TI ASPETTOIl primo livello: la superficie della rabbia
Il primo livello, che chiamiamo “superficie della rabbia” è in realtà la superficie della consapevolezza, nella gestione della rabbia con i bambini.
Questa fase la possiamo tradurre con la frase
“Mio figlio piange perché vuole il gelato all’ora di pranzo,
io urlo perché mi fa perdere la pazienza e fa i capricci“
Quello che pensiemo è che se il bambino non si comportasse così, se non facesse “i capricci”, se mi ascoltasse, se facesse quello che dico… io starei bene e non urlerei più.

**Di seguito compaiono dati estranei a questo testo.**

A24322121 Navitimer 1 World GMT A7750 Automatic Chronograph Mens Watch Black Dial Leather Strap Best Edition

Piccolo problema non trascurabile; ammesso e non concesso che la nostra rabbia derivi dall’esterno, noi non potremo mai programmare un essere umano, men che mai un bambino, affinché faccia solo quello che vogliamo.
Questo passaggio è importante da interiorizzare non solo quando ci relazioniamo con i bambini, ma anche con tutti gli altri. Le persone non fanno e non faranno mai quello che vogliamo noi. Almeno non al 100%. Ma neanche al 50%.

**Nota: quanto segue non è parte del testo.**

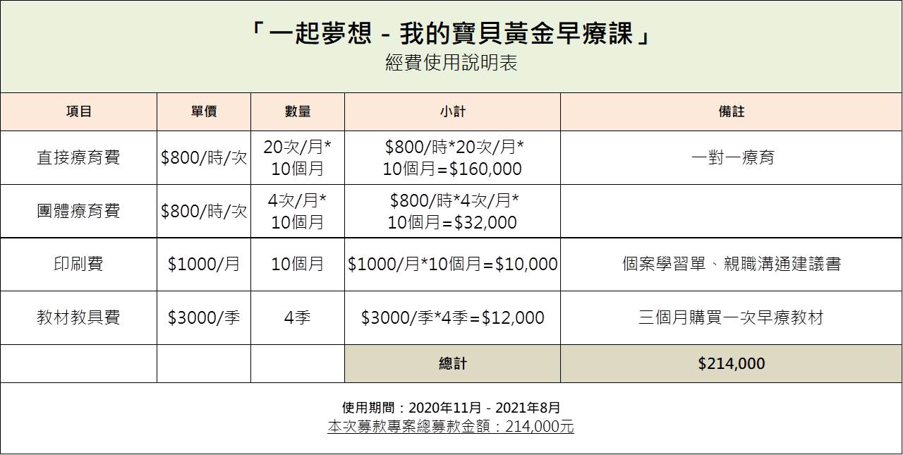 為了幫助更多經濟困難的家庭、急需黃金密集療育的家庭,能夠帶孩子接受黃金階段重要的療育課程,於是協會提出【一起夢想-我的寶貝黃金早療課】計畫,希望能募集大眾愛心,讓沒有經濟能力帶發展較慢的孩子進行早療的弱勢家庭,能夠有免費且密集療育的機會,幫助更多身心障礙幼兒、發展遲緩兒、疑似發展遲緩兒的未來發展!

Il secondo livello: le emozioni nascoste

Devo dire la verità: sono pochissimi i genitori che conosco nelle mie consulenze o che fanno parte delle mie community social che sono realmente fermi al livello più superficiale.

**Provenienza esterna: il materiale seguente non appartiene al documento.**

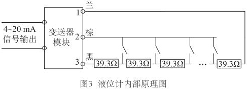 為尋求更好的改進(jìn)方案,對蒸汽夾套型磁翻板液位計的測量原理進(jìn)行了深入研究。液位計測量桿中是由等間距排布的干簧管和電阻元件組成,當(dāng)磁浮子達(dá)到某一高度時,對應(yīng)的干簧管閉合,如果能識別出哪個干簧管閉合,即可獲得當(dāng)前液位值。那么變送器又是如何識別出哪個干簧管閉合的呢?再次探究測量桿內(nèi)部電路,繪制液位計內(nèi)部原理圖,如圖3所示。測量桿內(nèi)部電阻串聯(lián)連接,每兩個電阻的連接處連接干簧管的一端,干簧管的另一端并聯(lián)連接,*終引出蘭、棕、黑三根信號線。

La maggior parte di voi, è consapevole che lo scatto di rabbia con il bambino viene da dentro.
A volte siamo stanchi, siamo sopraffatti dalla vita, dalle relazioni, dalla giornata di lavoro e dalla ruota della vita moderna in cui famiglie e persone sono sempre più sole.
Questa fase la possiamo tradurre con la frase
“Mio figlio piange perché vuole il gelato all’ora di pranzo,
io urlo perché lavoro dalle 7.00, tra un’ora devo fare altre cose,
sono sopraffatta dalla vita”
Questo livello di consapevolezza è il miglior terreno di partenza per lavorare sulla nostra genitorialità; ci permette di concentrarci sulla cura delle aspettative verso nostri bambini, sulla conoscenza di quanto premi e punizioni siano del tutto inutili; questa fase apre la strada alla validazione delle emozioni nostre e dei bambini e ci permette di riflettere meglio sulle routine e gli stili di vita della nostra famiglia.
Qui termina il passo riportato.